**WHAT TO PRODUCE**
No picture should appear in the copy. Transcribe exactly, and only, the lines from the one with "Avec ce spectacle" through the last line of the data below.

START PROVIDED MATERIAL

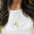Pendant is plated in 24 karat gold | chain is gold filled | chain length 24" | Care Instructions
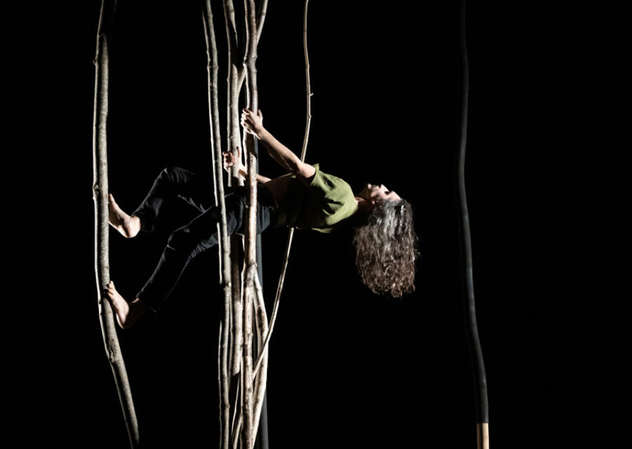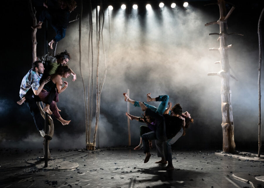 Avec ce spectacle Fanny Soriano sonde les comportements de nos semblables face au grand mystère qu’est l’amour. Dans une forêt clairsemée de mâts chinois et de troncs d’arbres, 8 artistes explorent de multiples rituels de séduction inspirés de la nature ou des codes sociétaux de notre monde moderne.
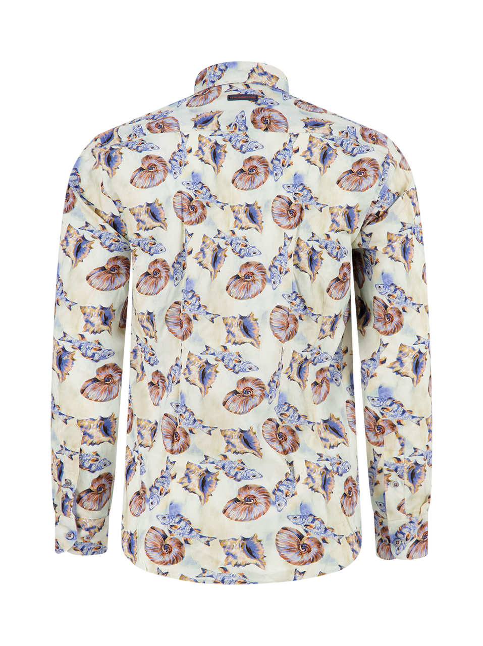 De kunstzinnige all-over print met aquatische invloeden geeft dit shirt een speelse,

END PROVIDED MATERIAL

**TASK RESULT**
 Avec ce spectacle Fanny Soriano sonde les comportements de nos semblables face au grand mystère qu’est l’amour. Dans une forêt clairsemée de mâts chinois et de troncs d’arbres, 8 artistes explorent de multiples rituels de séduction inspirés de la nature ou des codes sociétaux de notre monde moderne.
 De kunstzinnige all-over print met aquatische invloeden geeft dit shirt een speelse,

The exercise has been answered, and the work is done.